Exercise brief —
The line holding "Zwei niedliche Haflinger" is the last one to output; start at the first line of the data, keep every line in between exactly, and leave out pictures.

★ ★ ★ ★ ★ ★ ★

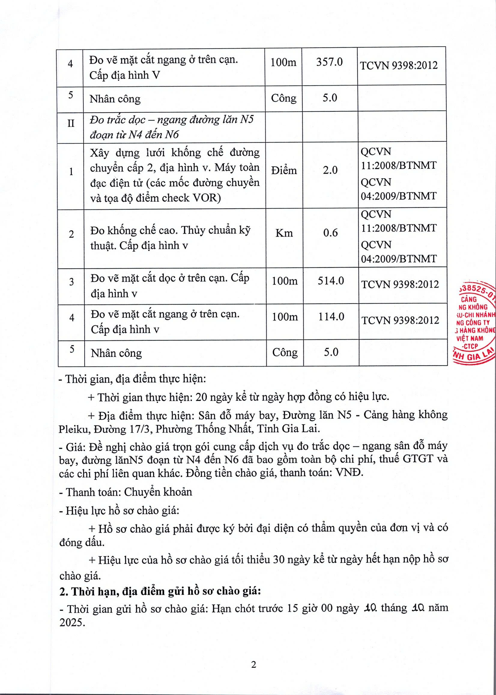 Thông báo mời chào giá: Đo trắc dọc - ngang sân đỗ máy bay, đường lăn N5 đoạn từ N4 đến N6 thuộc Cảng hàng không Pleiku
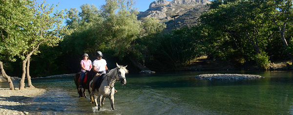 Der Ausritt startet in östlicher Richtung hinauf in die Berge von Plakias. Durch die Wasserquelle Avlaka, ist die Gegend mit sattem Grün überzogen. Der Ritt durch diese üppige Vegetation läßt ds Herz eines jeden erfahrenen Reiters höher schlagen.
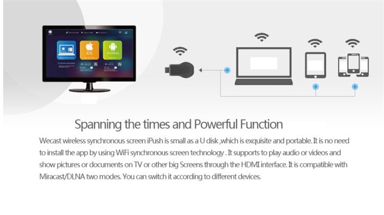 Support the miracast for IOS 5 or above, for Android 4.0 or above, for Windows8.1 or above
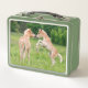 Zwei niedliche Haflinger Fohlen haben Spaß, Aufzucht und Frosch auf einer Wiese. Das blonde Flaxenkastanienpferd, auch Haffiden oder Veligne genannt. Foto von Katho Menden aufgenommen. Diese Metal-Lunchbox ist eine bezaubernde Geschenkidee für Pferdefreunde.
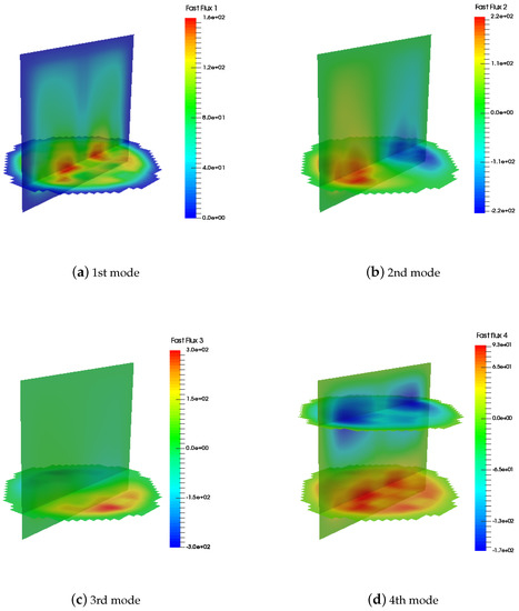 The NEACRP benchmark in a near-critical configuration [22] is chosen to compare the proposed methodology. The reactor core has a radial dimension of cm × cm per assembly. Axially, the reactor, with a total height of cm, is divided into 18 layers with height (from bottom to top): cm, cm, cm, cm, cm (10 layers), cm (two layers), cm, and cm. Figure 1 shows the reactor geometry and the distribution of the different materials. The cross-sections of materials are displayed in Table 1. The total number of cells of the reactor domain is 3978. Zero flux boundary conditions were set. The spatial discretization of the neutron diffusion equation, by using polynomials of degree three, gave a number of 230,120 degrees of freedom. The mesh built to obtain an initial guess had 1308 cells, and the computational time needed to obtain this approximation was 24 s. The four dominant eigenvalues computed are collected in Table 2. This table shows that the spectrum associated with the problem is clustered with two degenerated eigenvalues. A representation of the fast flux distribution for each mode is displayed in Figure 2.
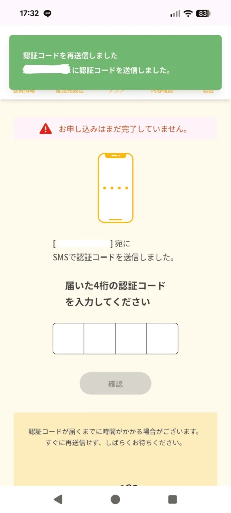 支払いはクレジットカードのみで、料金を確認すると電話番号あてに認証コードが届き、認証が完了すれば注文は終了です。
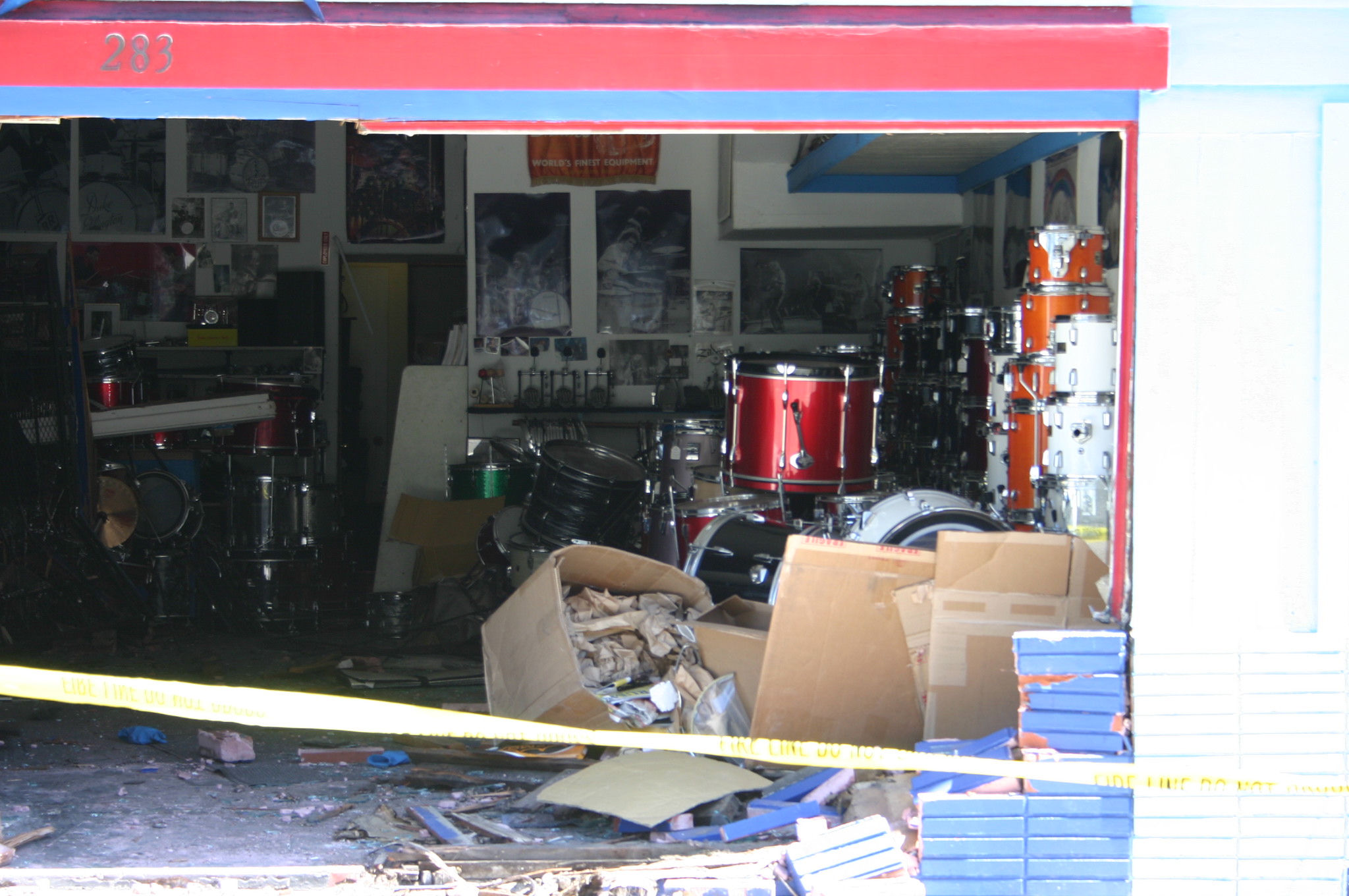 http://samadato.com/http://sfist.com/2008/07/31/hitandrun_d ... _sam_a.phpHoly Cripes! A little over two hours ago, a big 'ol gas guzzler crashed right into Sam Adato's Drum Shop, the preferred drum retail venue for local percussionists, at Ninth and Folsom Street. Check out the images (one more crash/snuggle shot after the jump!) and story sent in by reader Dan Rader:
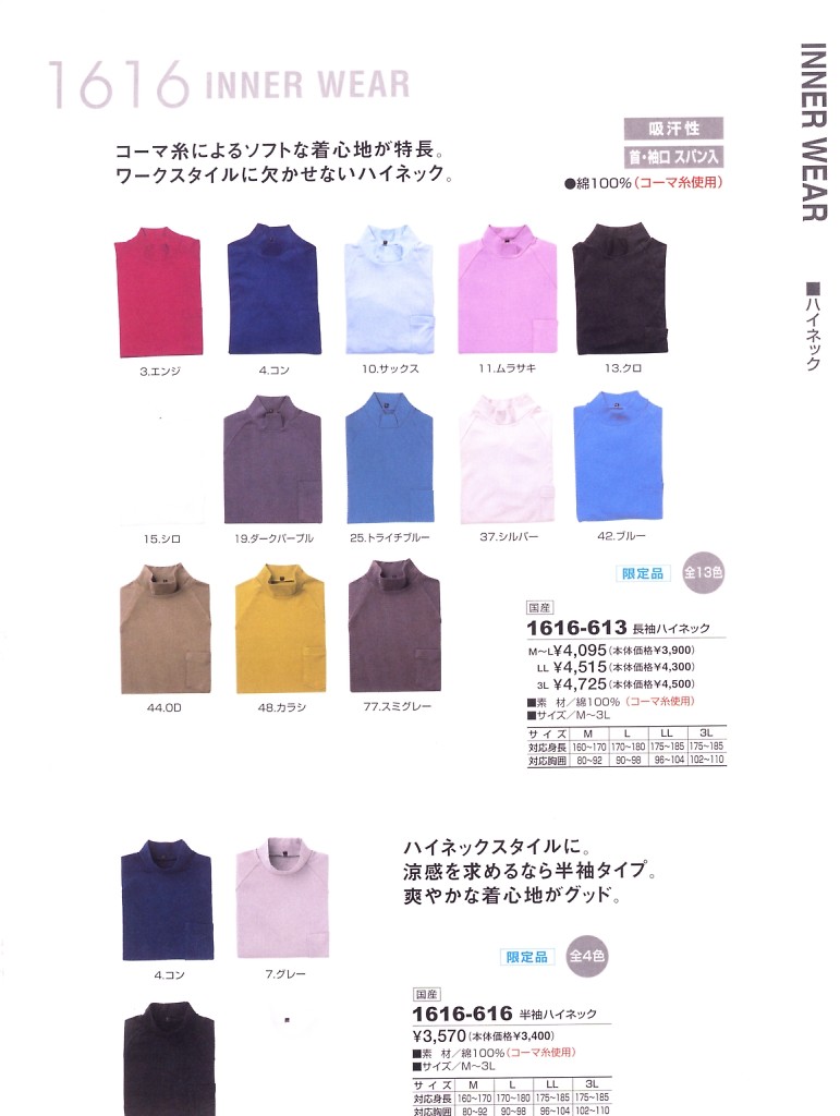 半袖ハイネック 1616-616
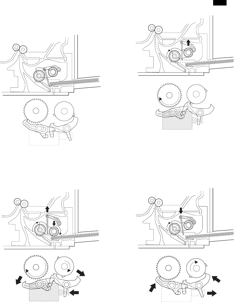 3) When pawl C of the manual paper feed clutch sleeve is hung on the

★ ★ ★ ★ ★ ★ ★

Answer space —
 Thông báo mời chào giá: Đo trắc dọc - ngang sân đỗ máy bay, đường lăn N5 đoạn từ N4 đến N6 thuộc Cảng hàng không Pleiku
 Der Ausritt startet in östlicher Richtung hinauf in die Berge von Plakias. Durch die Wasserquelle Avlaka, ist die Gegend mit sattem Grün überzogen. Der Ritt durch diese üppige Vegetation läßt ds Herz eines jeden erfahrenen Reiters höher schlagen.
 Support the miracast for IOS 5 or above, for Android 4.0 or above, for Windows8.1 or above
 Zwei niedliche Haflinger Fohlen haben Spaß, Aufzucht und Frosch auf einer Wiese. Das blonde Flaxenkastanienpferd, auch Haffiden oder Veligne genannt. Foto von Katho Menden aufgenommen. Diese Metal-Lunchbox ist eine bezaubernde Geschenkidee für Pferdefreunde.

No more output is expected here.